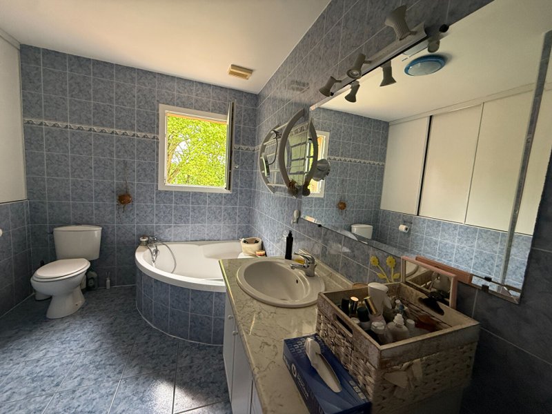 Chauffage au sol en aérothermie, menuiserie double vitrage, terrain piscinable.
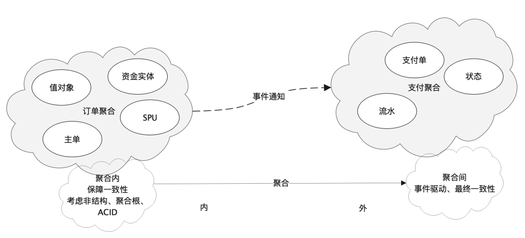 Within the aggregate , Need to ensure strong consistency , The method needs to consider the unified storage of aggregated root entities ;
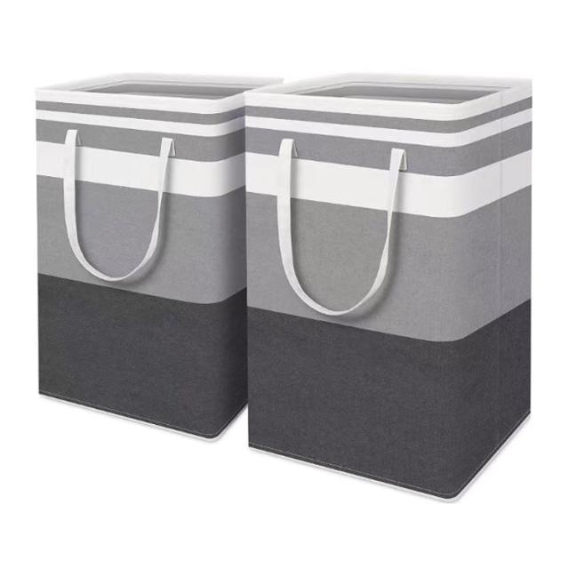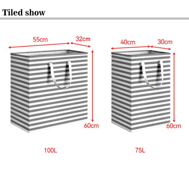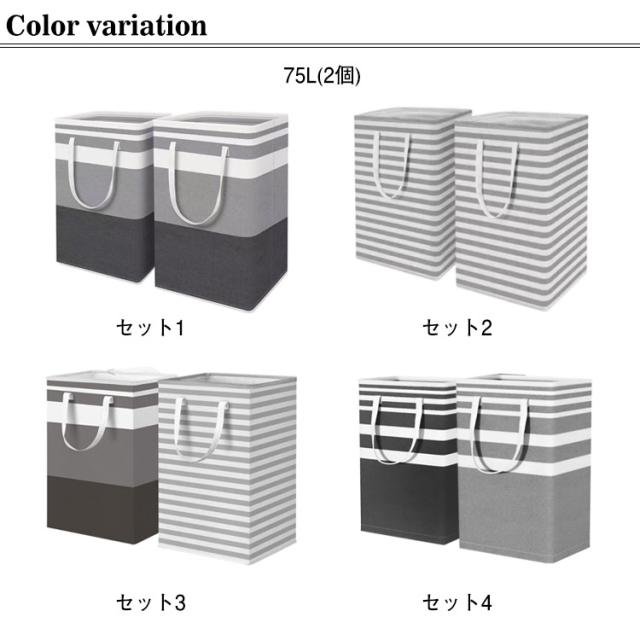 | 【2個セット】【75L・100L】【ランドリーバスケット】【折りたたみ】 折りたたみ可能でスリムに収納もできるランドリーバスケット。おしゃれな見た目ながら、大容量で軽い実用的な洗濯かごです。 【ポイント】 生地がしっかりで、自立します。口が大きくて入れやすい。 たっぷりモノが入る、大容量約75・100リットルの抜群な収納力。 内側には水をはじく撥水コーティング加工を施しているので、濡れたタオルもご安心。 容量が大きく、洗濯カゴとして家族全員分の洗濯物が入れます。 ぬいぐるみや洋服などの置き場にし、収納ボックスとして使えます。 取手が丈夫のため、運ぶカゴとして、洗濯機から物干までの移動が楽チン。 | |
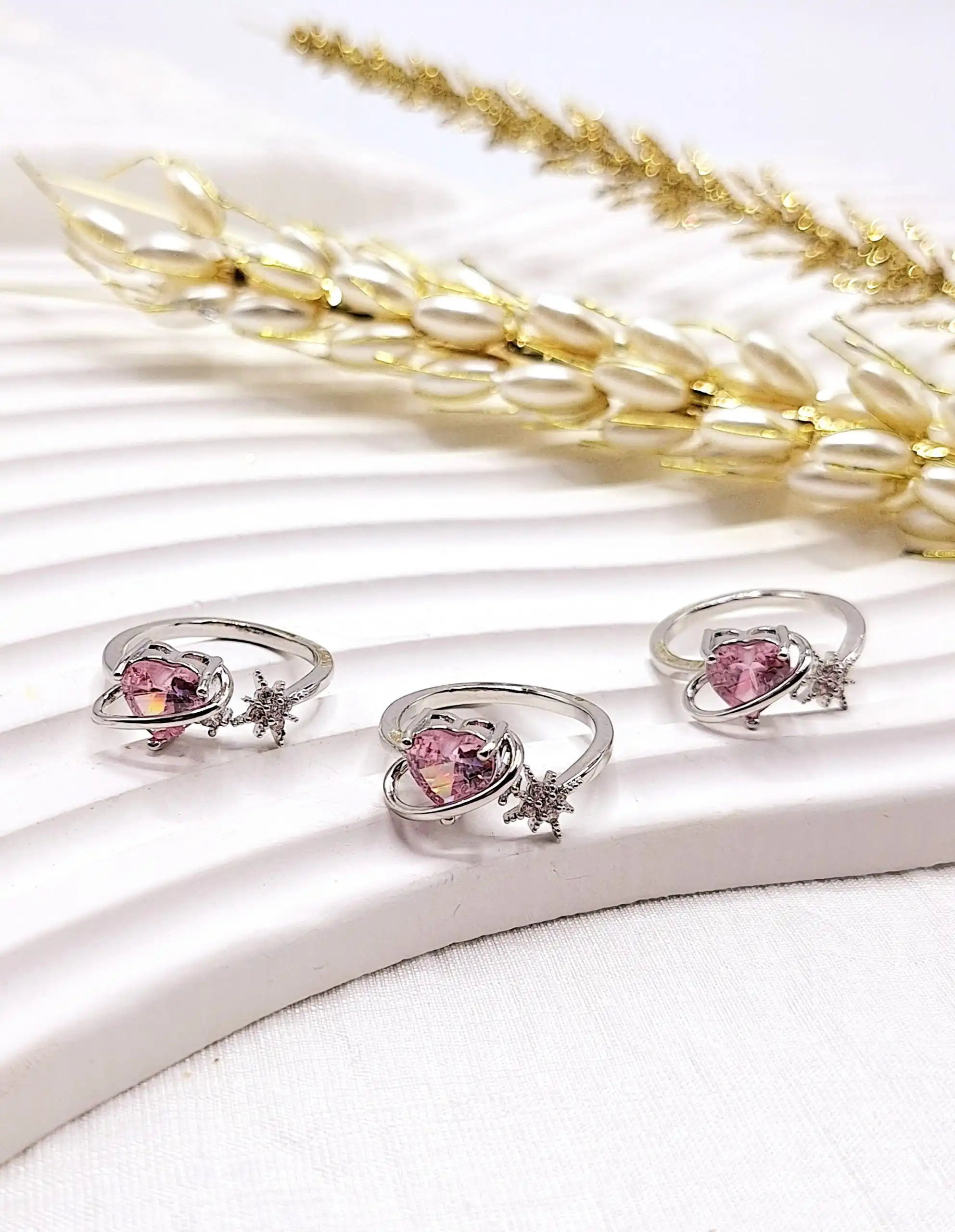 انگشتر پینترستی طرح قلب صورتی و سیارات

* What is expected:
Return only the lines from the start of the data through the line that contains "Within the aggregate", please, copying them exactly and omitting all pictures.

* Exercise answer:
 Chauffage au sol en aérothermie, menuiserie double vitrage, terrain piscinable.
 Within the aggregate , Need to ensure strong consistency , The method needs to consider the unified storage of aggregated root entities ;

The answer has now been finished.